### Work order
When you copy the data, keep every word exactly as it is and leave the pictures out.

### Data shown
####
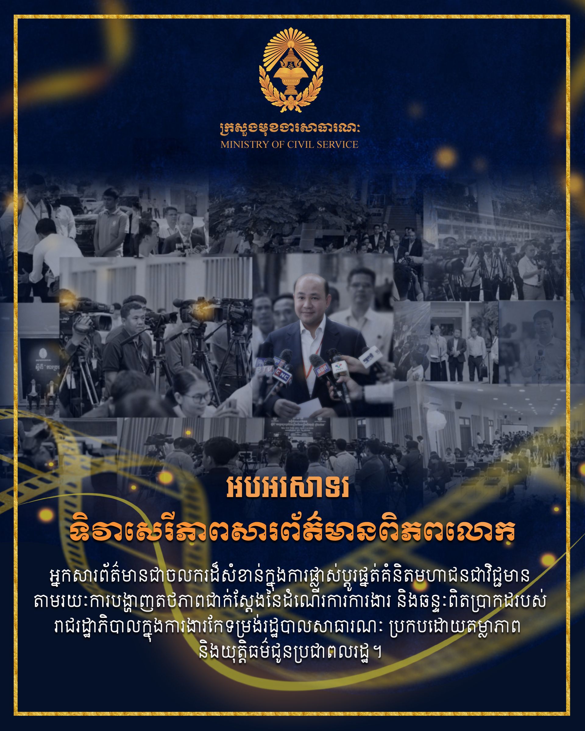 ក្រសួងមុខងារសាធារណៈ សូមកោតសរសើរចំពោះទឹកចិត្ត និងកិច្ចសហការដ៏ស្អិតរមួតនេះ ហើយជឿជាក់ថាអ្នកសារព័ត៌មានទាំងអស់នឹងយកឱកាសនេះ បន្តចូលរួមជាមួយគ្នា ដើម្បីលើកកម្ពស់កិត្យានុភាពរបស់ព្រះរាជាណាចក្រកម្ពុជា តាមរយៈការផ្តល់ព័ត៌មានដែលត្រឹមត្រូវ មានក្រមសីលធម៌ និងប្រកបដោយវិជ្ជាជីវៈខ្ពស់។
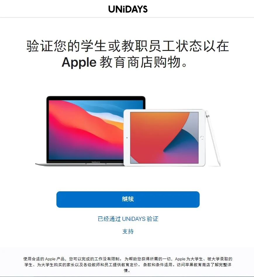 需要注意的是,除了UNiDAYS认证之外,目前依然可以通过自己的学生或者教师证件进行认证。步骤大致是:在苹果官网或者是通过致电苹果客服,让他们直接协助完成购买和资格认证流程,你只需要提供 Apple ID、确认订单及付款、资格认证(学信网验证码或者学生证验证)。
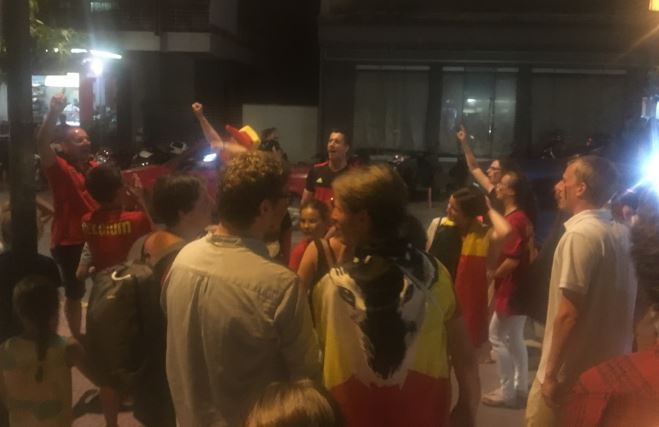 Πρόκειται προφανώς για τουρίστες, που αυτές τις ημέρες βρίσκονται στην Καλαμάτα και όπως φάνηκε δεν έχασαν την ευκαιρία να χαρούν με την ψυχή τους την πρόκριση του Βελγίου στα ημιτελικά του Μουντιάλ.
####
### Result of this exercise
 ក្រសួងមុខងារសាធារណៈ សូមកោតសរសើរចំពោះទឹកចិត្ត និងកិច្ចសហការដ៏ស្អិតរមួតនេះ ហើយជឿជាក់ថាអ្នកសារព័ត៌មានទាំងអស់នឹងយកឱកាសនេះ បន្តចូលរួមជាមួយគ្នា ដើម្បីលើកកម្ពស់កិត្យានុភាពរបស់ព្រះរាជាណាចក្រកម្ពុជា តាមរយៈការផ្តល់ព័ត៌មានដែលត្រឹមត្រូវ មានក្រមសីលធម៌ និងប្រកបដោយវិជ្ជាជីវៈខ្ពស់។
 需要注意的是,除了UNiDAYS认证之外,目前依然可以通过自己的学生或者教师证件进行认证。步骤大致是:在苹果官网或者是通过致电苹果客服,让他们直接协助完成购买和资格认证流程,你只需要提供 Apple ID、确认订单及付款、资格认证(学信网验证码或者学生证验证)。
 Πρόκειται προφανώς για τουρίστες, που αυτές τις ημέρες βρίσκονται στην Καλαμάτα και όπως φάνηκε δεν έχασαν την ευκαιρία να χαρούν με την ψυχή τους την πρόκριση του Βελγίου στα ημιτελικά του Μουντιάλ.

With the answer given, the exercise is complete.